Para enfrentar estas incertidumbres, la previsión de la cadena de suministro se ha convertido en una herramienta esencial. Esta práctica se basa en datos históricos de ventas y suministros para anticipar cambios futuros en la demanda, ayudando a las empresas a tomar decisiones informadas sobre inventario, estrategia y presupuestos. Las organizaciones que aprovechan capacidades predictivas pueden prosperar incluso ante la feroz competencia y la volatilidad del mercado, controlando las predicciones de demanda para satisfacer las expectativas de los clientes.

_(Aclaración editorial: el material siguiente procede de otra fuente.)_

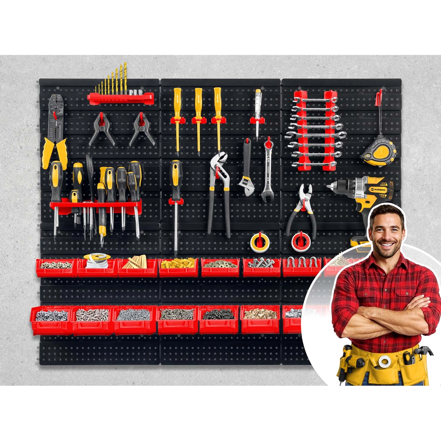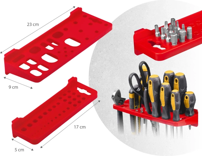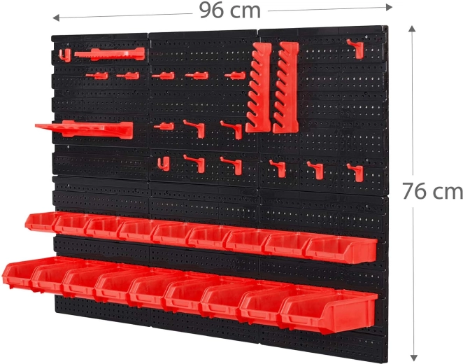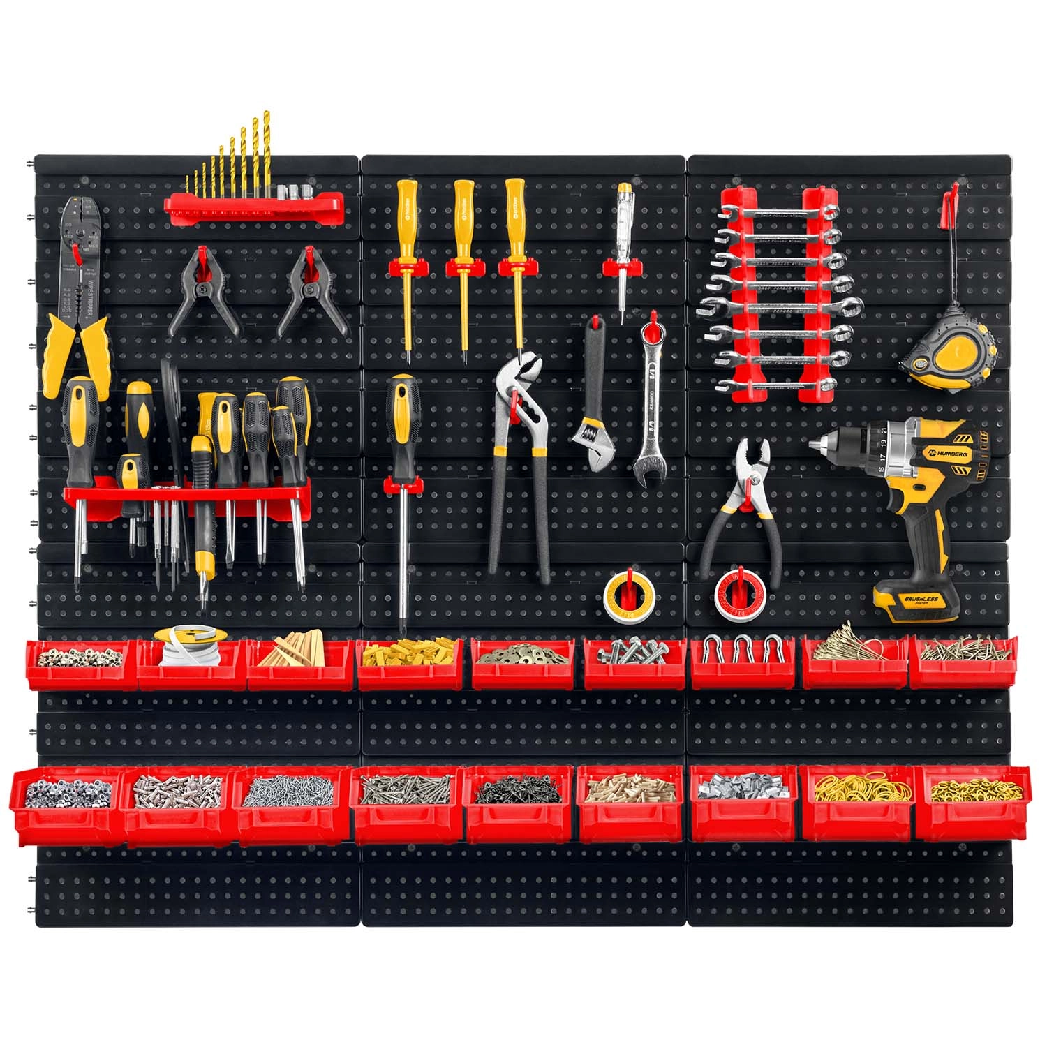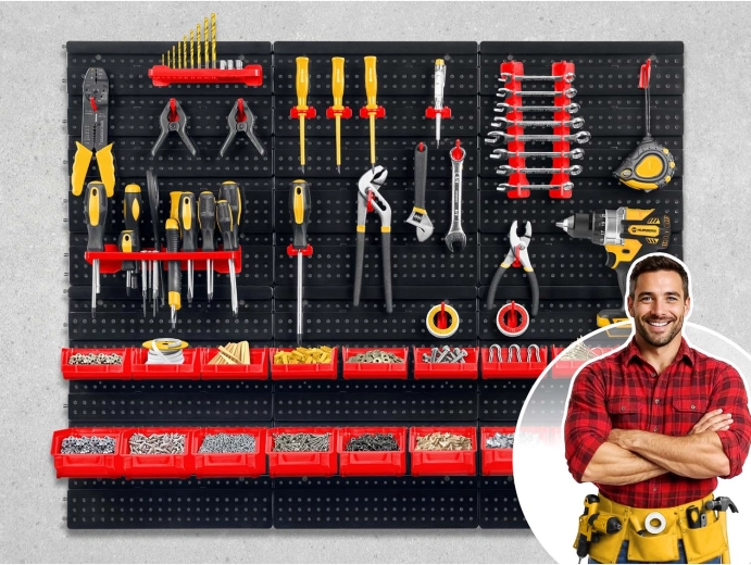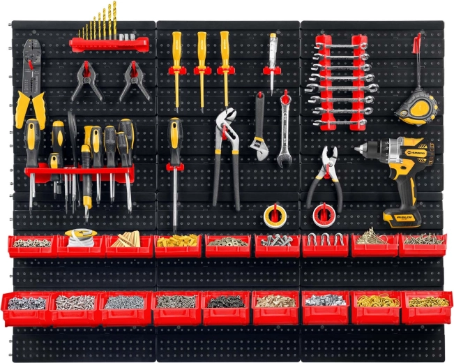 Kompletny ścienny organizer HUMBERG to niezbędny pomocnik dla każdego serwisu i domowego garażu. Dzięki modułowemu systemowi perforowanych paneli łatwo ułożysz rozmieszczenie dokładnie według swoich potrzeb. Solidne haki, uchwyty i półki utrzymają wkrętaki, szczypce i klucze, a kuwety w różnych rozmiarach przejrzyście posegregują elementy złączne.

En este contexto, Amazon Web Services (AWS) se presenta como una solución innovadora a los desafíos de pronóstico mediante la personalización de modelos de aprendizaje automático con Amazon SageMaker Canvas. Este servicio sin código permite a analistas de negocios y profesionales de datos construir modelos de aprendizaje automático sin necesidad de escribir código. Su interfaz intuitiva facilita el acceso a la inteligencia artificial para diversas aplicaciones comerciales, permitiendo a las empresas de retail y bienes de consumo empaquetados abordar sus retos de previsión de manera más eficiente.
Un aspecto destacado de SageMaker Canvas es su capacidad para realizar pronósticos basados en series temporales, utilizando aprendizaje automático automatizado para entrenar múltiples algoritmos sobre conjuntos de datos históricos. Esto se traduce en la posibilidad de prever la demanda de productos y realizar análisis de escenarios a través de simulaciones, algo especialmente útil durante períodos de alta competitividad y fluctuaciones en la demanda.
La cuantilización en la previsión permite a las organizaciones realizar previsiones probabilísticas que cuantifican la incertidumbre. Al evaluar múltiples puntos de predicción de cuantiles, las empresas pueden elegir opciones más rentables, mejorando así la eficiencia operativa y el rendimiento financiero. Además, las funciones de análisis «qué pasaría si» de SageMaker Canvas facilitan la exploración interactiva de cómo los cambios en las variables de entrada pueden afectar las predicciones, permitiendo ajustar las estrategias comerciales según la evolución del mercado y las expectativas de los consumidores.
En conclusión, Amazon SageMaker Canvas se posiciona como una solución potente para las empresas que buscan mejorar sus capacidades de previsión, satisfacer las expectativas del cliente y optimizar sus operaciones en un mercado dinámico y en constante cambio.